There are many scenarios to consider regarding the process. First, we need to determine if the patient is new or already established on daily growth hormone. New patients must go through various tests and evaluations to confirm a diagnosis of growth hormone deficiency, which can take time. On the other hand, for established patients, the process is much simpler. The variability in insurance coverage and how reimbursement systems operate makes it challenging to provide a single timeframe since many factors influence the process. Our analysis indicates that the complexity of these paths depends heavily on the patient's history and the insurance system's structure. We aim to provide clearer data on this issue as it evolves.

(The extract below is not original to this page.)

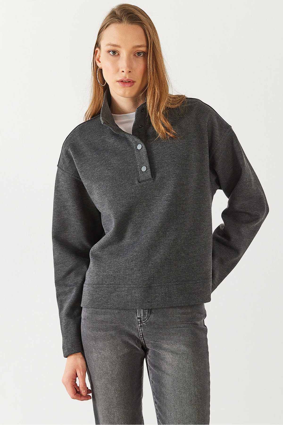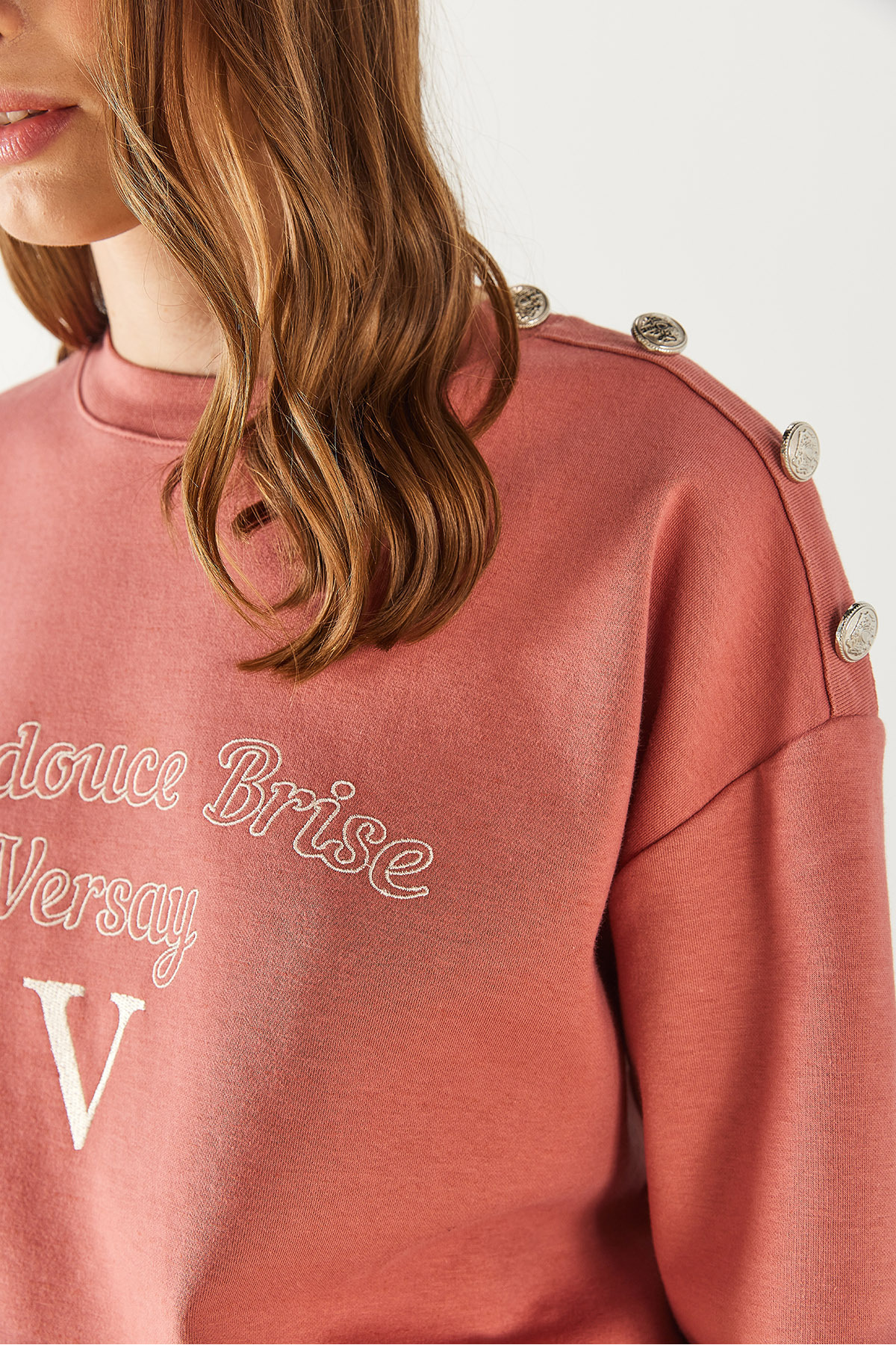 Omzu Düğme Detaylı Nakışlı Sweatshirt - GÜLKURUSU Omzu Düğme Detaylı Nakışlı Sweatshirt - GÜLKURUSU 2K25201005 XL
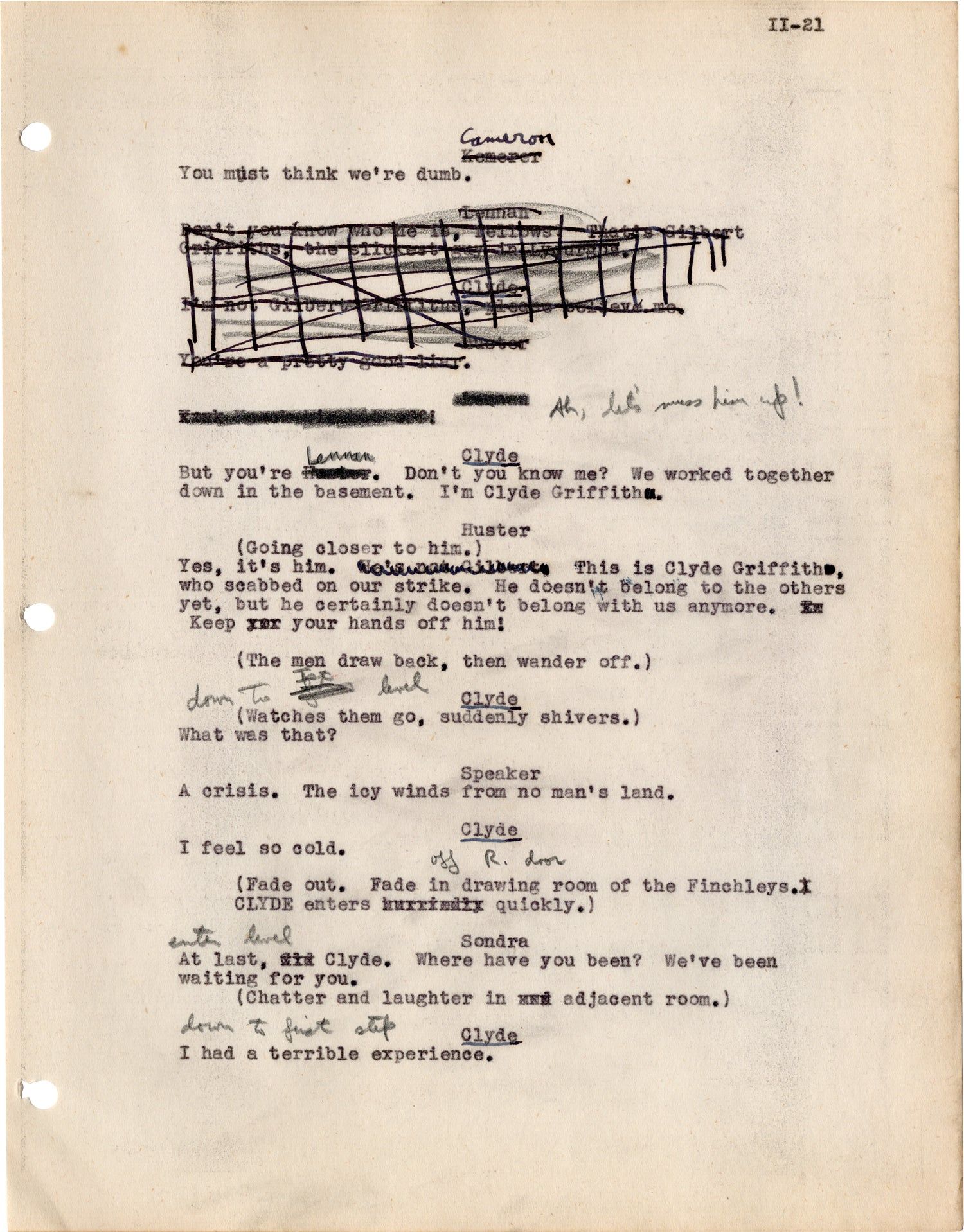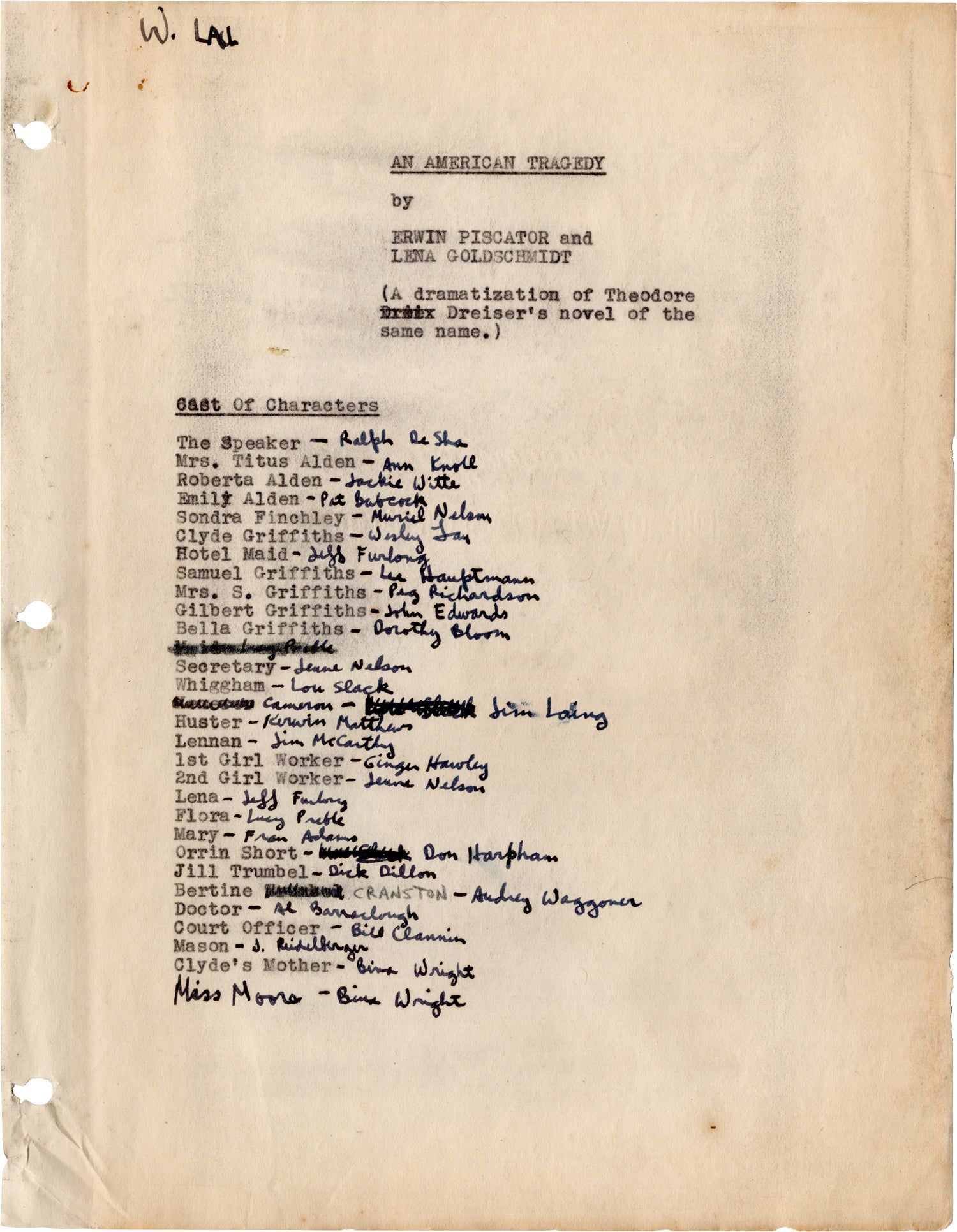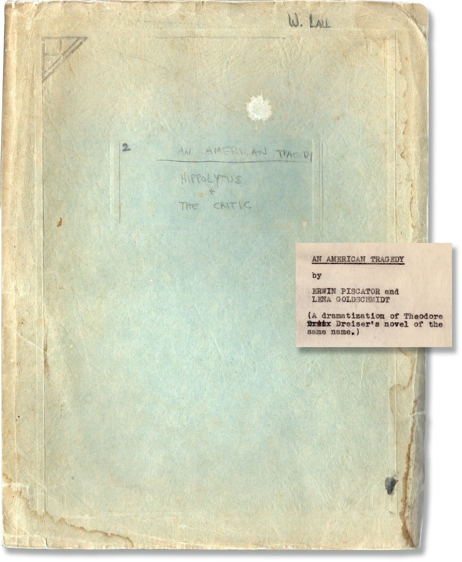 N.p.: N.p., 1948. Carbon typescript copy of the play, "An American Tragedy," with spirit-duplication copies of the plays, "Hippolytus" and "The Critic" bound in. Working copies belonging to actor Wesley Lau, with pencil annotations of Lau's name and the plays' titles on the front wrapper, and manuscript marker annotations of "W. Lau" on the top left of the title page as well as listed in the annotations of actors' names adjacent to the character list on the title page, with manuscript pencil and marker annotations throughout all three by Lau.

Thank you. I have a question about the free drug policy for SKYTROFA. What duration of therapy are patients entitled to receive before insurance kicks in, and do you have any data on the success rate for patients being able to receive insurance coverage once their free drug supply runs out?

Good question. We're analyzing this continuously. The expected development has revealed that while some patients take advantage of the free drug program, many do not. We're seeing two distinct patient uptakes, both from new patients and switch patients. Previous patients tend to have an easier transition since they've already been diagnosed. However, as market access continues to improve, we're beginning to see more shift from free to reimbursed therapy.

This concludes today's conference call. Thank you for your participation, and you may now disconnect. Everyone, have a wonderful day.